Surprisingly, it can't be rented on Netflix, but it can be bought on Amazon. And no, this has nothing to do with Nomads of Gor.
#2 is The Horror of Death, also known as The Asphyx, from 1973:
I had literally never heard of this film. First time I saw the trailer was going through that article. Concept seems surprisingly astute and somewhat perverse as well: a scientist learns that there may be something that occurs at the moment of death, involving the soul; and he sets about to trap his own version, known in the movie's mythology as the "Asphyx". With terrifying results. And lots of screaming.
It's not available on Netflix (but if you download the Veoh player, it's available on Veoh), but it's available for purchase on Amazon.
And #1 is Paperhouse:
and again, I have to say I'd never heard of this one. "Underrated" doesn't begin to touch it if I haven't turned up one single reference before now. It's described both as a "literate horror movie" and as a "dark fantasy drama"; I suppose, based on the description, there are elements of both.
The movie's source material is a book by Catherine Storr called Marianne Dreams. The story in both versions centers around an ill child who creates a fantasy world on paper...that turns out not to be quite a fantasy.

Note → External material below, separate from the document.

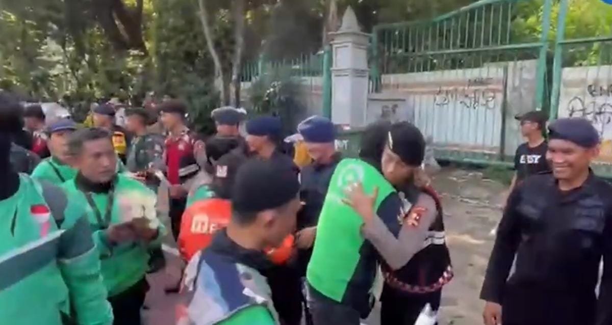 Di sepanjang Jalan Medan Merdeka Selatan, barisan aparat Brimob Polri tampak berjajar rapi. Aksi saling berjabat tangan antara pengemudi ojol dan aparat disertai pemberian bunga mawar menjadi simbol kebersamaan dan pesan damai.

Hijinks, of course, ensue.
It's not available on Netflix; it can be seen in sections on YouTube; and while there's a listing for it on Amazon, there's no indication on when it will be in stock again--if ever.
As the original article pointed out, these aren't the stock ten greatest horror films; these are the ten best that aren't well-known. I'd argue against Night of the Creeps just because it has such a large fan base; same goes for the Dario Argento selections, though to be fair, he is better known for Suspiria and Demons. (Possibly also Four Flies on Grey Velvet, or the Masters of Horror episode he directed, that started the series off in 2005: Jenifer.)
I am looking forward to seeing The Asphyx and Paperhouse; I'll tell you how they turn out.